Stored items
************
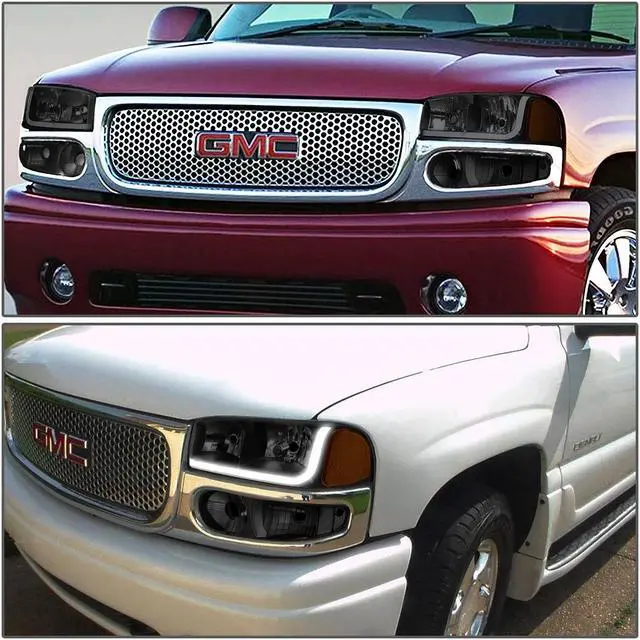 DNA Motoring HL-LB-DAN99-BK-SM-AM For 2001 to 2007 GMC Sierra 1500 Classic Yukon Denali LED DRL Light Bar Headlight+Bumper Lamp Black Housing Smoked Lens Amber Corner 02 03 04 05 06
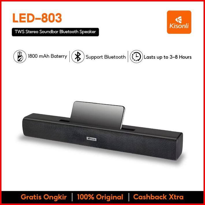 Kisonli Speaker Bluetooth Soundbar Led803 Tws Stereo With Holder Desing 1800mah Rechargeable Wireless Black Handphone
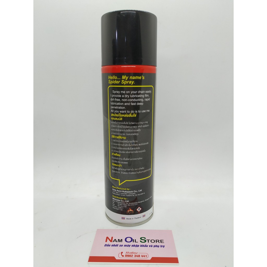 Ô tô > Dầu nhớt và phụ gia ô tô > Mỡ & Chất bôi trơn || Xịt Dưỡng Sên SPIDER 600ml chống văng tốtCòn hàng
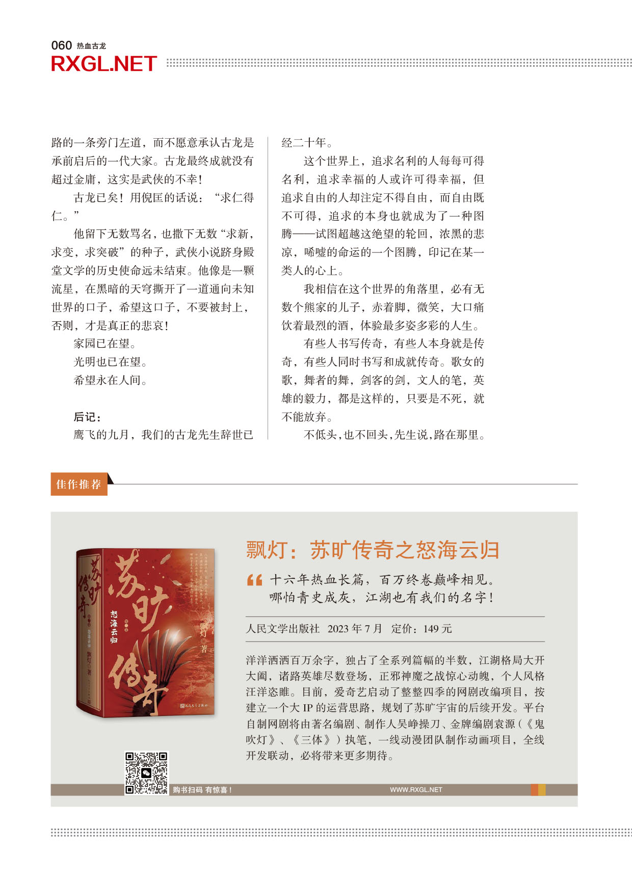 《热血古龙》第1期名家贺词
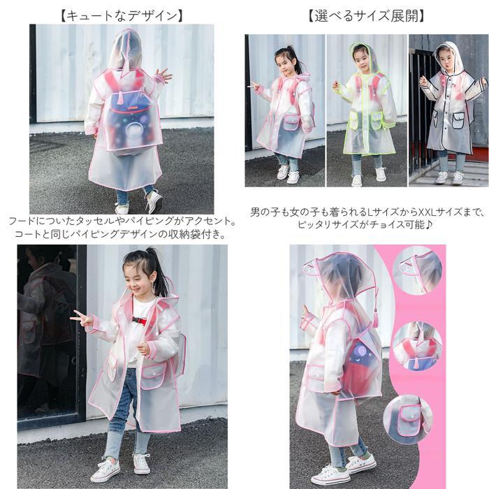 商品説明 | ・・【雨の日も楽しく!】 ・雨の日のお出かけや通学通園に便利なキッズ用レインコートが登場! ・【リュックを背負ったままでもOK】 ・コートの背中部分には、リュックやランドセルを背負ったまま着用できる背マチ付き。 ・【小さな子でも着脱簡単】 ・小さなお子様でも脱ぎ着がしやすい、スナップボタン仕様。 ・【前が見やすい透明窓付き】 ・フードのツバ部分には透明窓が付いているので、視界を遮る心配なし! ・【便利なポケット】 ・両サイドにはミニタオルなどが入れられるスナップボタン付きのポケットを配置。 ・【キュートなデザイン】 ・フードについたタッセルやパイピングがアクセント。コートと同じパイピングデザインの収納袋付き。 ・【選べるサイズ展開】 ・男の子も女の子も着られるLサイズからXXLサイズまで、ピッタリサイズがチョイス可能♪ |
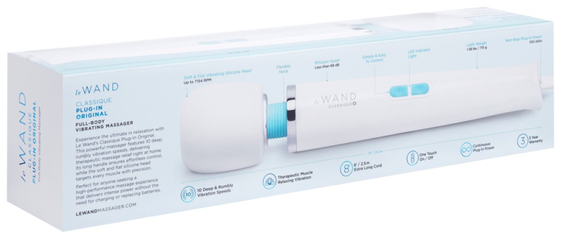 Das klassische Original präsentiert sich in strahlendem Weiß und begeistert mit ergonomischem Wand-Design – für optimalen Komfort beim Verwöhnen. Dank langem Griff und flexiblem Massagekopf werden alle Körperbereiche und äußeren Lustpunkte mühelos erreicht. Die samtweiche Soft Touch-Oberfläche gleitet angenehm über die Haut und schenkt ein luxuriöses Massageerlebnis.
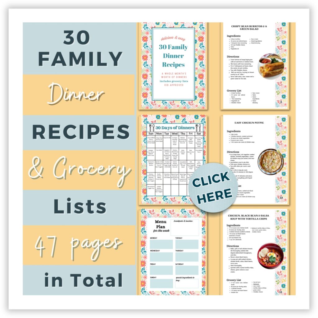 Get 30 quick and family-friendly dinners with recipes and a ready-made grocery list—making mealtime stress-free and delicious!
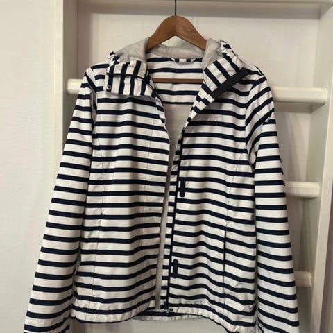 Helly Hansen takki mustassa värissä, naisten kokoon S/M. Takki on kaksipuoleinen, jossa toisella puolella näkyy Helly Hansen -logo rinnassa ja toisella puolella selässä. Materiaalitietoja ei ole annettu. Takissa on joitakin käytön jälkiä, kuten kuvan osoittamat tahrat. Lähtevät varmasti pois ei kokeiltu
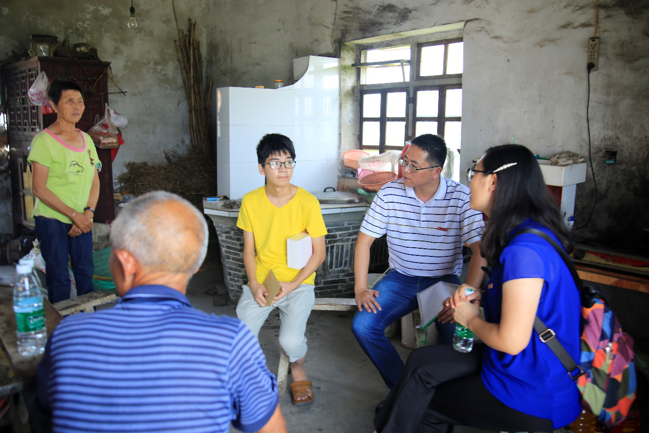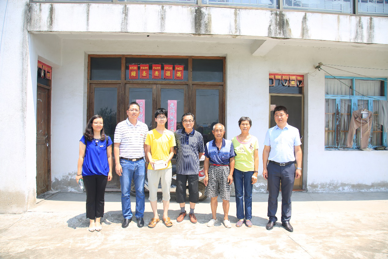 7月29日上午,机械工程学院城市轨道交通学院党委副书记葛涛、校学生工作处助学管理中心刘婧老师及学院相关辅导员一行,前往南通市如东县岔河镇振河村看望慰问学校车辆工程专业录取的2019级困难家庭新生姚懿航,并送去了慰问品和慰问金。如东县马塘高级中学高三年级主任张志祥、马塘夕阳红助学基金会老师也一同前往。
************
Action item
Take the records above from their first line through the line with "Kisonli Speaker Bluetooth" and set those lines down word for word, minus the pictures.

Reply
 DNA Motoring HL-LB-DAN99-BK-SM-AM For 2001 to 2007 GMC Sierra 1500 Classic Yukon Denali LED DRL Light Bar Headlight+Bumper Lamp Black Housing Smoked Lens Amber Corner 02 03 04 05 06
 Kisonli Speaker Bluetooth Soundbar Led803 Tws Stereo With Holder Desing 1800mah Rechargeable Wireless Black Handphone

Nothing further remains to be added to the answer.